Section 2.5 Special Mandatory Redemption. If either:
(a) | the Acquisition is not completed on or prior to the later of (A) July 31, 2025 (as may be extended to November 30, 2025 in accordance with the terms of the Acquisition Agreement) and (B) the date that is five Business Days after any later date to which the parties to the Acquisition Agreement may agree to extend the End Date (as defined in the Acquisition Agreement), but in no event later than May 31, 2026 (such later date, the Special Mandatory Redemption End Date); or |
(b) | the Parent Guarantor publicly announces that it will not proceed with the Acquisition for any reason, |
the Company will be obligated to redeem all of the Notes at a Redemption Price equal to 100% of the initial issue price of the Notes, plus accrued and unpaid interest, if any, to but not including the Redemption Date (a Special Mandatory Redemption). Upon the earlier of (i) the Special Mandatory Redemption End Date, if the Acquisition has not been consummated and (ii) five Business Days after the Parent Guarantor publicly announces that it will not proceed with the Acquisition for any reason, the Company will give notice of a Special Mandatory Redemption pursuant to this Section 2.5 to each Holder and the Trustee, stating, among the other matters prescribed in Section 3.04 of the Base Indenture, that all of the Notes being redeemed will be redeemed on the Redemption Date set forth in such notice (which will be no earlier than three Business Days and no later than 15 Business Days from the date such notice is given).

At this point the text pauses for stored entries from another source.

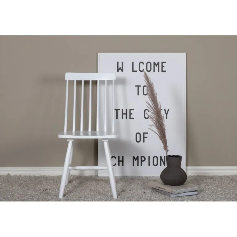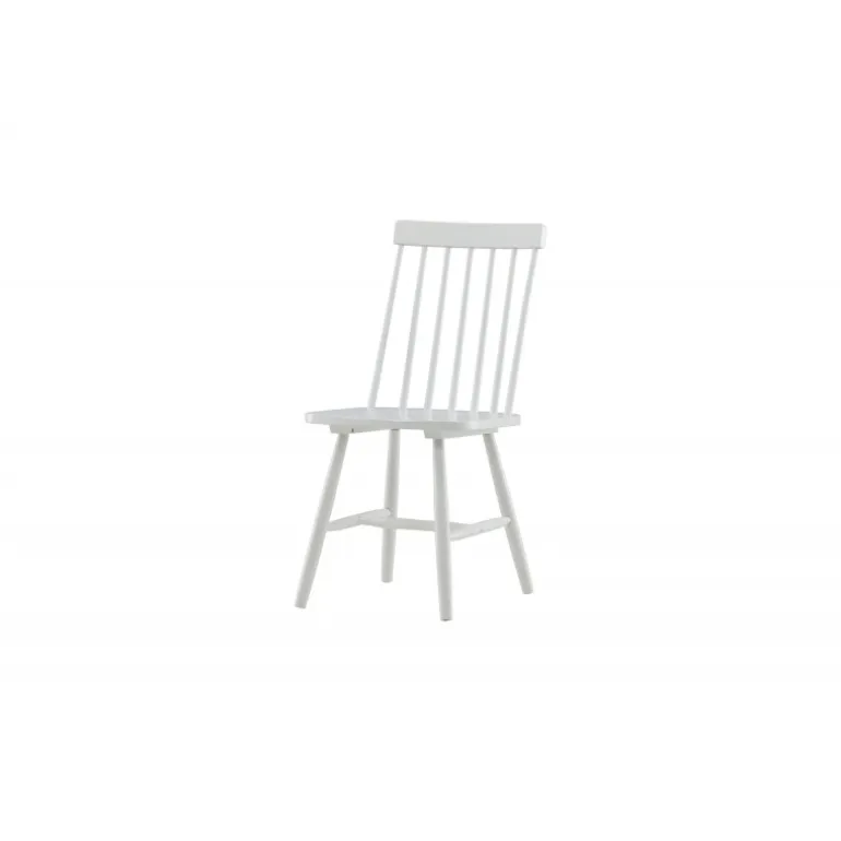 En pindstol/spisestol i nostalgisk stil fra Lonneberga-serien. Det stilfulde design er både moderne og praktisk. Fremstillet af gummitræ i en behagelig hvid farve. Supplér med et lækkert spisebord og skab en flot blikfang i hjemmets hjerte! Lettere montering er påkrævet. Vedligeholdelsesråd: Gummitræ er ofte lakeret eller malet med en farvepigment, der giver en dækkende/ikke-gennemsigtig overflade. Hvide lakoverflader kan være ekstra følsomme over for forskellige farvestoffer, der findes i madvarer, sodavand, rødvin og kaffe. Sørg for at fjerne pletter så hurtigt som muligt og fugt overfladen med en godt opvredet rengøringsklud og sæbeopløsning. Brug en støveklud til at tørre overfladen igen.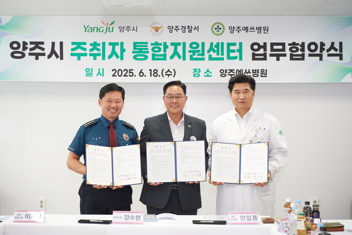 시는 18일 오후 덕정동에 소재한 ‘양주예쓰병원’에서 ▲양주경찰서(서장 이기범), ▲양주예쓰병원(원장 양일종)과 함께 ‘주취자 통합지원센터’ 운영을 위한 ‘3자 협약식’을 체결했다고 밝혔다.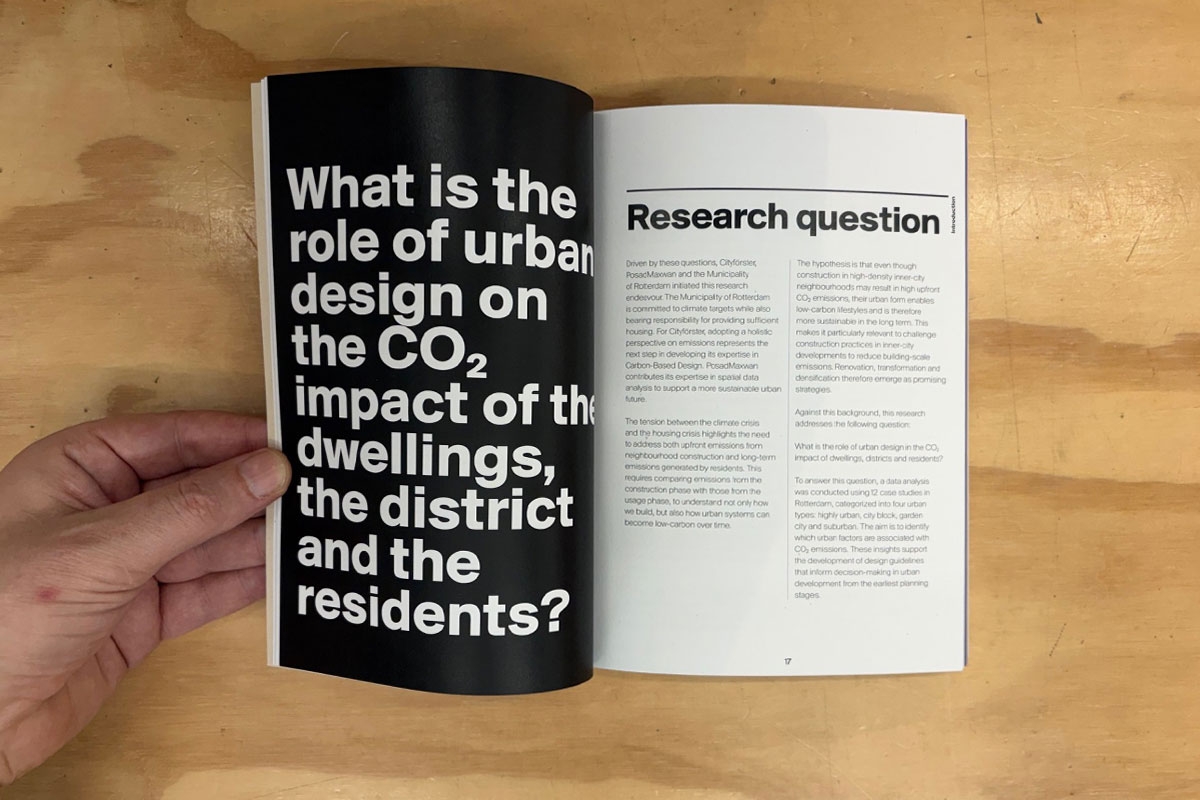 Cityförster, PosadMaxwan en Gemeente Rotterdam hebben de handen ineengeslagen in dit onderzoeksproject. Met de hoofdvraag "wat is de rol van stedenbouwkundig ontwerp op de CO₂ impact van Gebouw, Gebied en Gebruiker?" analyseert het onderzoek de footprint van 12 Rotterdamse buurten, en kijkt daarmee nadrukkelijk verder dan het gebouw: ook openbare ruimte, mobiliteit en de leefstijl van gebruikers worden meegenomen.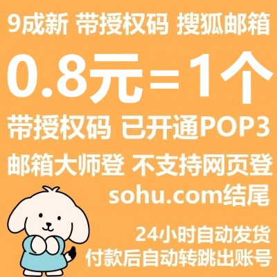 带授权码已开通POP3/9成新搜狐邮箱----随机密码/支持邮箱大师直登/不支持网页登/不带邮箱密码/已绑手机/sohu.com结尾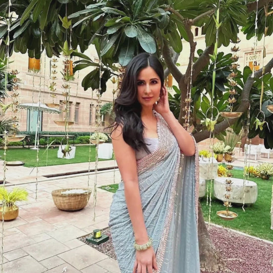 Celebrity-Inspired Sky Blue Saree | Katrina Kaif Replica | Festive & Party Wear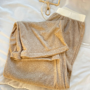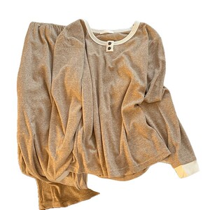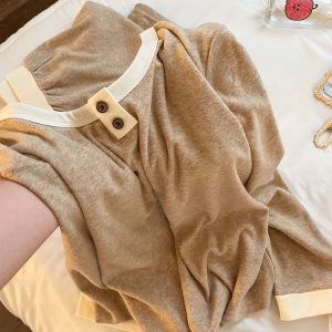 韩版简约风纯色睡衣女秋季2025长袖长裤宽松休闲大码可外穿家居服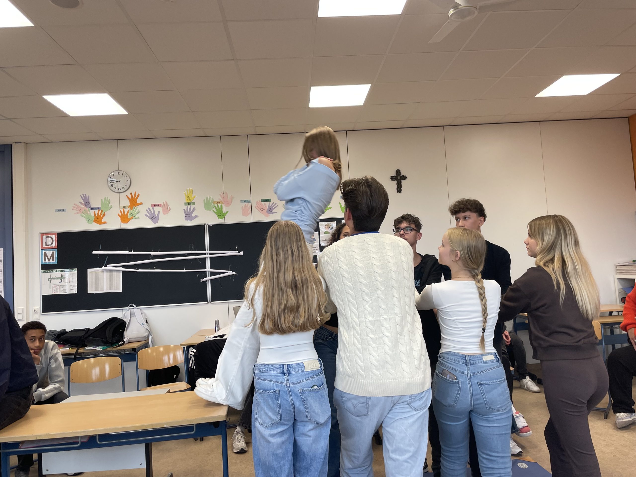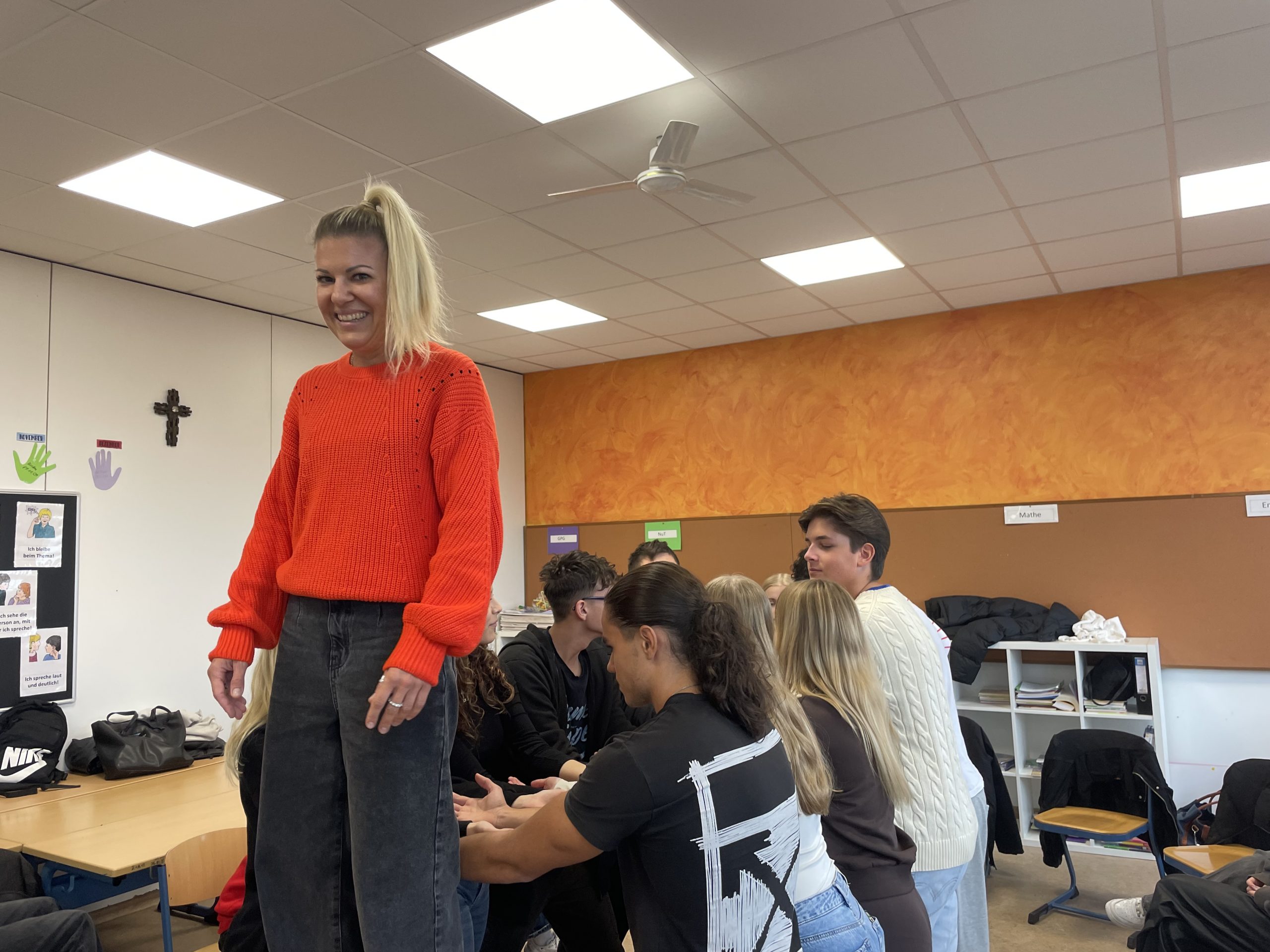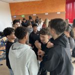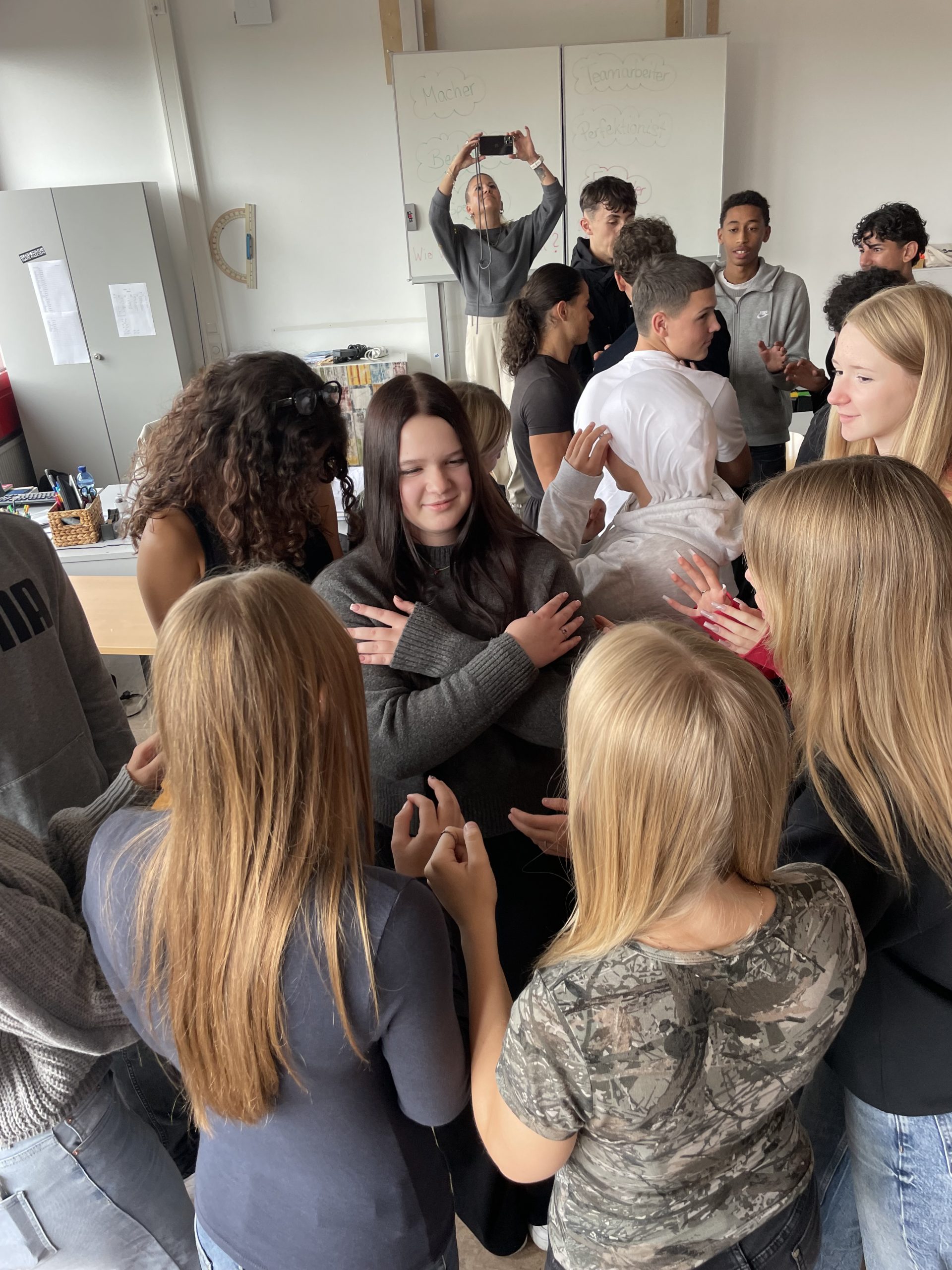 Am 29. Und 30. September besuchte unsere Schulsozialarbeiterin Andrea Mank-Erl die Klasse 9V. Zusammen mit der Klassenleiterin Nadine Hiller gestalteten sie zwei pädagogische Tage, die es den Schülerinnen und Schülern einfacher machen sollten ihre KlassenkameradInnen kennenzulernen. Durch Teamspiele und gemeinsame Erfahrungen sollte das Miteinander gestärkt und ein gegenseitiges Vertrauen entwickelt werden.

Notwithstanding anything else in the Indenture, upon the occurrence of the closing of the Acquisition, the foregoing provisions regarding the Special Mandatory Redemption will cease to apply.
Section 2.6 Transfer and Exchange. The transfer and exchange of Global Notes or beneficial interests therein shall be effected through the Depositary, in accordance with Section 2.09 of the Base Indenture and the rules and procedures of the Depositary therefor, which shall include restrictions on transfer comparable to those set forth therein and herein to the extent required by the Securities Act of 1933, as amended.
In connection with any proposed transfer outside the Book Entry Only system, there shall be provided to the Trustee all information necessary to allow the Trustee to comply with any applicable tax reporting obligations, including any cost basis reporting obligations under Internal Revenue Code Section 6045. The Trustee may rely on the information provided to it and shall have no responsibility to verify or ensure the accuracy of such information.
ARTICLE III
MISCELLANEOUS PROVISIONS
Section 3.1 Ratification of Base Indenture. The Base Indenture as supplemented by this First Supplemental Indenture, is in all respects ratified and confirmed, and this First Supplemental Indenture shall be deemed part of the Base Indenture in the manner and to the extent herein and therein provided.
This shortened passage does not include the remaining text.